» Directions for this task:
Could the listing below be returned exactly, with its pictures left out?

» Information shown:
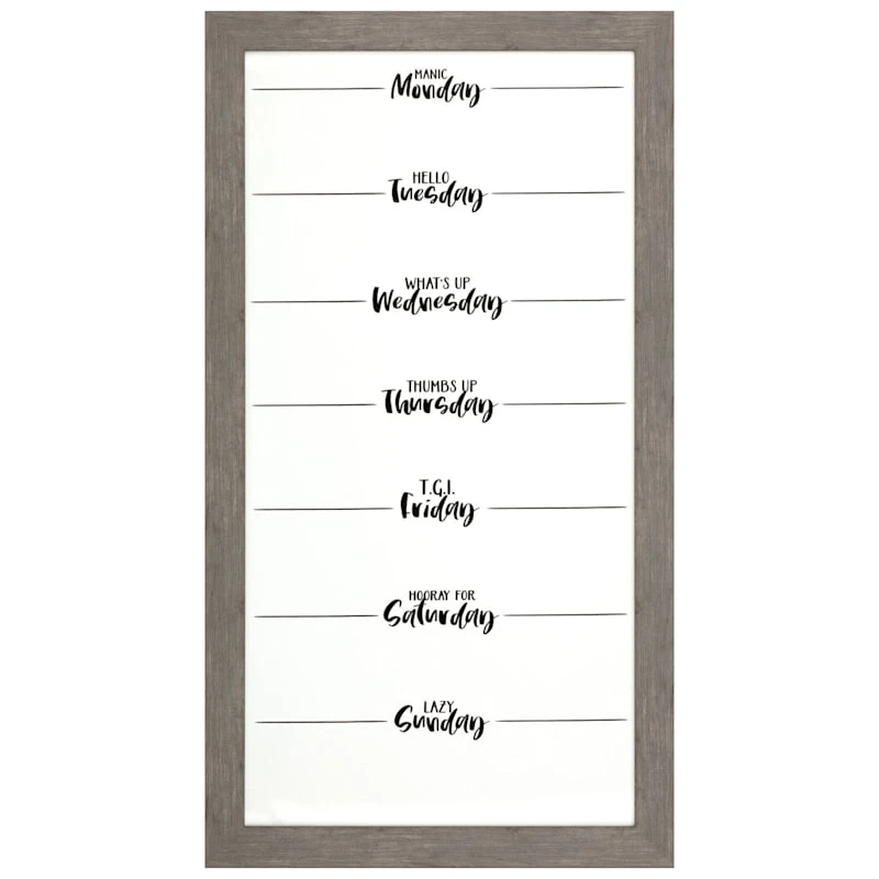 Grey Weekday Fun Sentiment Dry Erase On Glass Organizational Wall Frame, 15×28
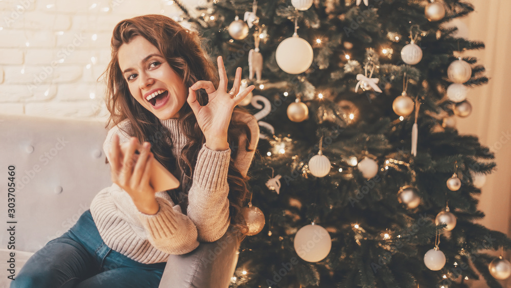 Woman with phone gesturing okay symbol sitting on the sofa near Christmas tree in the decorative interior. Positive gesture. Christmas and New Year photo.
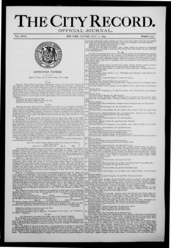The City Record newspaper publishes notices which includes but is not limited to: public hearings and meetings, public auctions and sales, solicitations and awards and official rules proposed and adopted by city agencies. This is the City Record Newspaper for July 09, 1899.
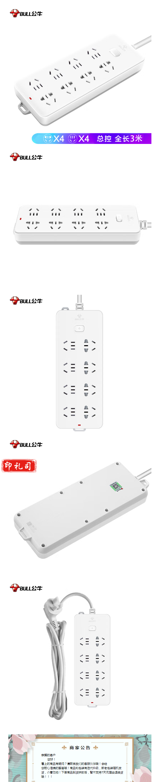 公牛 GN-217 3米线长 8位总控 插线板/拖线板(过载保护) 230117164827

» Final answer:
 Grey Weekday Fun Sentiment Dry Erase On Glass Organizational Wall Frame, 15×28
 Woman with phone gesturing okay symbol sitting on the sofa near Christmas tree in the decorative interior. Positive gesture. Christmas and New Year photo.
The City Record newspaper publishes notices which includes but is not limited to: public hearings and meetings, public auctions and sales, solicitations and awards and official rules proposed and adopted by city agencies. This is the City Record Newspaper for July 09, 1899.
 公牛 GN-217 3米线长 8位总控 插线板/拖线板(过载保护) 230117164827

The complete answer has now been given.